The New York Stock Exchange With the bulbs already planted and the spring bloom months away, Dutch citizens in the winter of 1636-37 bid up the price of rare tulips to the point where the future delivery of one exotic Viceroy flower required a down payment that included eight pigs, a dozen sheep, four tons of butter, a thousand pounds of cheese and a bed.
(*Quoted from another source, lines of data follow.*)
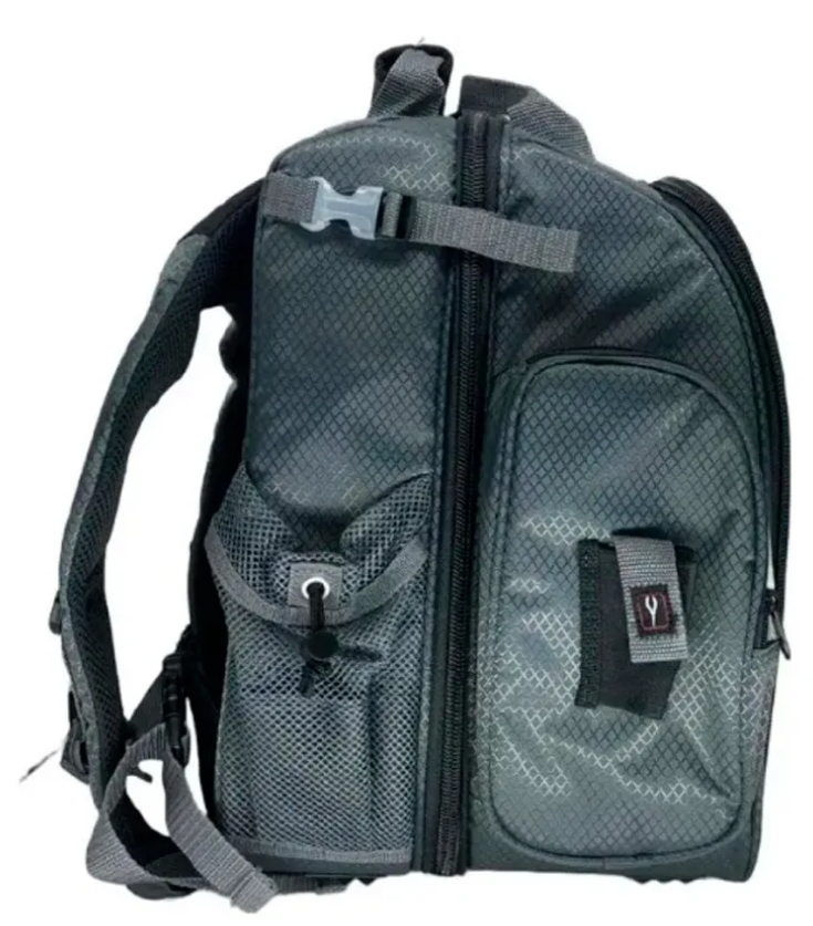 Essa bolsa tem o diferencial de ter espaço para guardar suas iscas, suas carretilhas e molinetes, e todos os seus acessórios de pesca.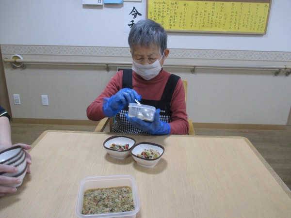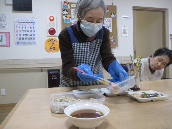 新しいご入居者様も職員と一緒に盛り付けのお手伝いをしていただきました。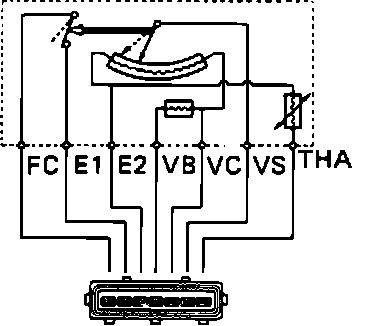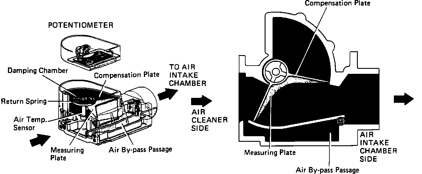 A Bosch vane type airflow meter is mounted in the air induction system near the air cleaner. The airflow meter measures intake air volume, and converts these readings into voltage signals by means of a variable resistor (potentiometer). These voltage signals are then sent to the ECU and used to determine injection duration and proper fuel delivery. When intake air volume is low, the voltage is high; when the intake air volume is high, the voltage signal is approximately zero.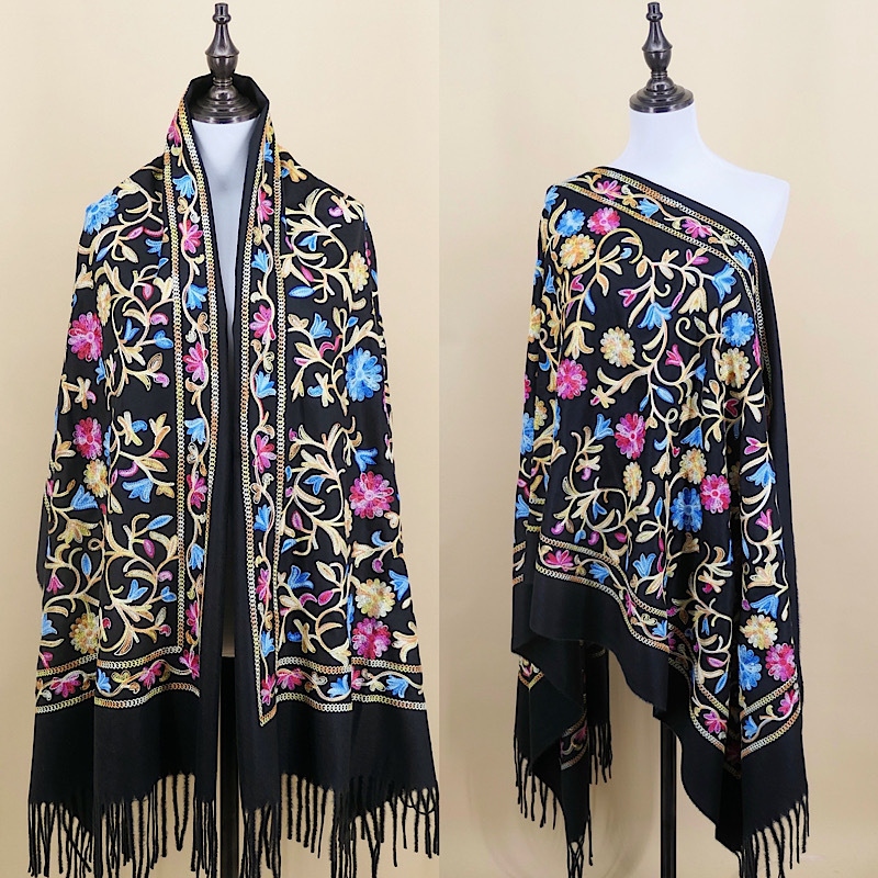 水草花刺绣仿羊绒围巾加厚保暖披肩新疆西藏旅游披肩厂家直销 English | 投诉

And so it was in July 1998 with the promise Internet profits, when the stock value of the online bookstore Amazon.com continued multiplying past the combined value of its much larger offline competitors despite growing losses. Rocketing prices of Net stocks arched earthward in the fall, but the bout of gravity soon passed. By early December America Online, Yahoo and Amazon were colossi of the stock market, with "market caps" ($44 billion, $21 billion, $12 billion, respectively) that dwarfed name-brand airlines and investment banks. Feeding the frenzy, lesser companies with little but .com in their names staged fantastically profitable public offerings that valued money-losing million-dollar revenues at billion-dollar prices.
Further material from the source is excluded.